分かりました、と頷き、小瓶を一本手に取る。蓋を開けると、それまで気付かなかった小さな極細の針が現れた。

「刺せば数秒で全てが体内に入る。保健機関医療革新局薬器促成課が開発した最新の注射器だ」

魔塗に言われた通りに針を刺す。痛みは全く感じない。中に入っていた透明の液体は、みるみる内に体内に吸収されていった。

これでもう大丈夫だ。隔離倉庫に行き、例の兵士に鼻と口を覆わせ魔塗の所へと戻る。兵士にワクチンを打ってから話を聞いた魔塗は黙り込んだ。

「これがわしの持つすべての証拠です。どうですか?」

魔塗は、椅子に座り俯いて腕を組んだまま答えない。かなり長いと思える時間が過ぎた後、静かに溜息を吐いて顔を上げた。

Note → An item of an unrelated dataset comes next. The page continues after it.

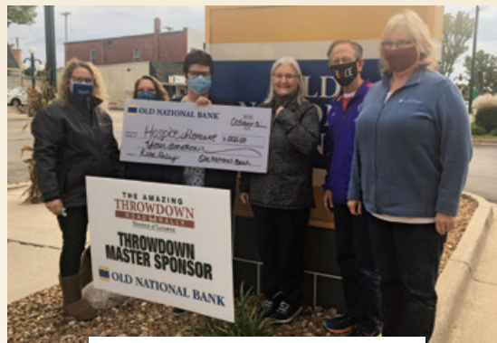
Snapshots of our guests enjoying the Amazing Throwdown Road Rally.

「しょうがない…正直に言おう、お前は正しい。確かにあの男は嘘を言っていた」

「何故ですか?」

魔塗が椅子から立ち上がる。そして煙草を銜え、煙を吐き出した。

「あの男はわたしにだけ真実を話した。その時、わたしは愕然としたよ。もしこの真実が公表されたら、あいつは全住民に批判され、間違い無く地位を追われる事になる。わたしはあいつの腕と知能を評価していた。それにあいつは軍人ではないから負けてもおかしくない。聞けば、矢を放った少女は相当の腕前だったそうではないか」

「じゃあ、あの男にそう言わせたのは市長様…」

「あいつを辞めさせたくなかったのだよ。いくら私でも、全住民の意見を無視して自己勝手に事を取り決める事は出来ないからな」

そうだったのか。魔塗の部下を思う優しさに胸が熱くなる。わしも見習おう。

魔塗に詫びようと口を開きかけた所で、二人の兵士が入って来た。魔塗が小瓶を二つ手に取り、その内一つをわしに手渡す。

「さあ、早く終わらせてしまおうではないか。作戦を立てる時間も我々には必要だ。もしワクチンが余ったら、感染している住民をランダムに選んで打ってやればいい」

詫びるのをしかたなく諦め、頷いて魔塗の隣に立った。何かあった時の為に小瓶を一つポケットに忍ばせる。

そして兵士の腕を取ると、針を刺した。